Charles Floyd
4/26/15
A simple but powerful app to predict the next word you're going to type based on what's come before it! End of the Line is
End of the Line uses data collected from twitter, blogs, and news articles to create a rich library of phrases, idioms and sentences from different kinds of writing, including formal and informal communication, story-telling, shorthand, and more. The app lets the user choose a context suited to their anticipated writing style or draw from all the available data for the best prediction!
The prediction algorithm builds a database of writings from cleaned text data (removing profanity, punctuation, numerical and non-alphanumeric characters). When a string is input for text prediction, it is also cleaned and the result is looked up in the database, using the most common match from the training data to inform the prediction. When a phrase is unseen in the training data, the prediction is simply the most common word for the prediction context. This method is extremely lightweight and uses minimal resources, allowing it to be portable to practically any computing environment!
The app's design is extremely flexible.
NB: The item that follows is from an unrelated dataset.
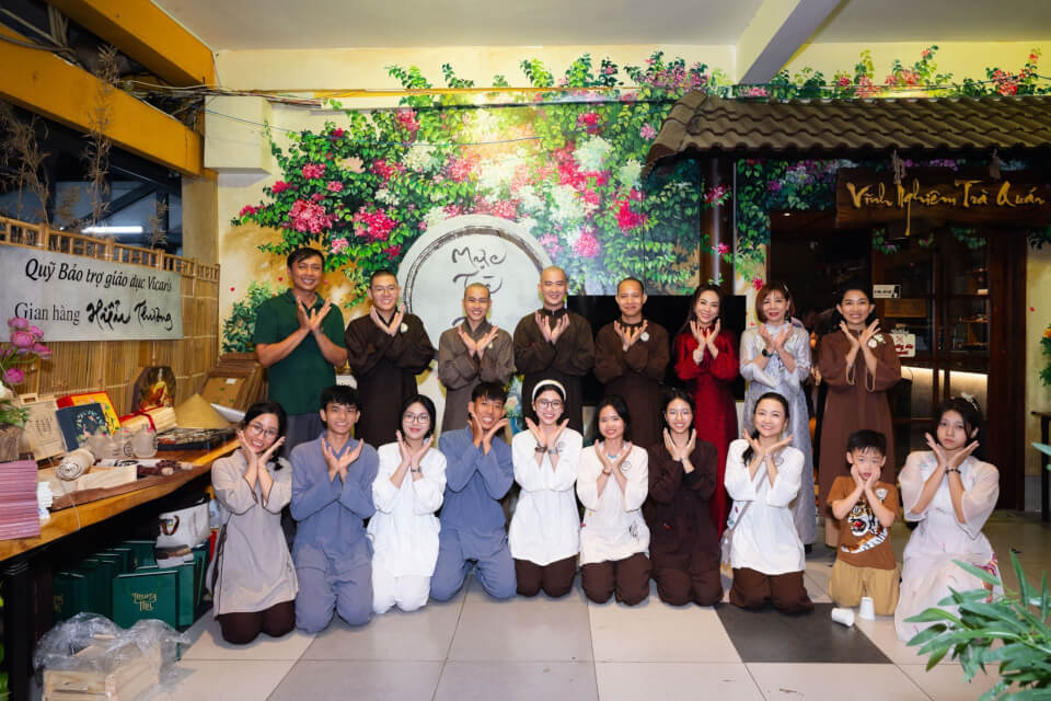 9 giờ 30 phút, những vị khách cuối cùng đã gửi lời chào tạm biệt thân thương và trở về, một số bạn nhỏ trong gia đình Vicaris cũng xin phép Thầy được về sớm vì ở xa. Chỉ còn lại Thầy, cô Hồng và một số anh chị ban chăm sóc. Chúng con mệt lã người nhưng vẫn cố gắng dọn dẹp đồ đạc, khung tranh,… để trả lại không gian cho Trà quán. Biết tụi con mệt nên cô Hồng đã dành tặng cho tụi con những ly nước thật ngon ( con được uống matcha latte ngon lắm ạ). Chúng con hoàn thành nhiệm vụ lúc 1 giờ sáng và trở về lại thiền đường. Kết thúc một ngày làm việc hết công suất, đặt lưng lên tấm thảm nơi thiền đường, chúng con thiếp đi mà không hay biết gì. Cho đến hôm sau con mới được hồi sức và dành thời gian để cảm nhận, nhìn lại toàn bộ buổi Workshop. Cảm xúc đầu tiên của con là vui và hạnh phúc – bởi con được phụ Thầy, phụ anh chị tổ chức buổi Workshop ý nghĩa này, dù chỉ là những điều nhỏ thôi. Tiếp theo, con cảm thấy tự hào và biết ơn lắm, đây là lần đầu tiên Quỹ tổ chức một chương trình có quy mô lớn và đầu tư nhiều như vậy, và thật sự chương trình đã thành công viên mãn ạ. Con thấy thật hạnh phúc khi con có nhiều trải nghiệm mới trong đời, tích lũy nhiều hơn vốn sống, mở rộng tấm lòng mình hơn để đón nhận cũng như trao đi tình yêu thương. Đối với con, chương trình Workshop “ Mực, trà và thi” là một dấu ấn tuyệt đẹp trong hành trình trưởng thành của con.

A developer who wants even more accurate predictions and has higher computing resources can take larger samples from the text data used to power the present model. It's also easy to include more or different datasets by preprocessing (cleaning) and loading those files into the app's directory. And a developer wanting the app to learn from its current user, could feed the user's input into its own input file allowing future predictions to benefit from the user's writing history!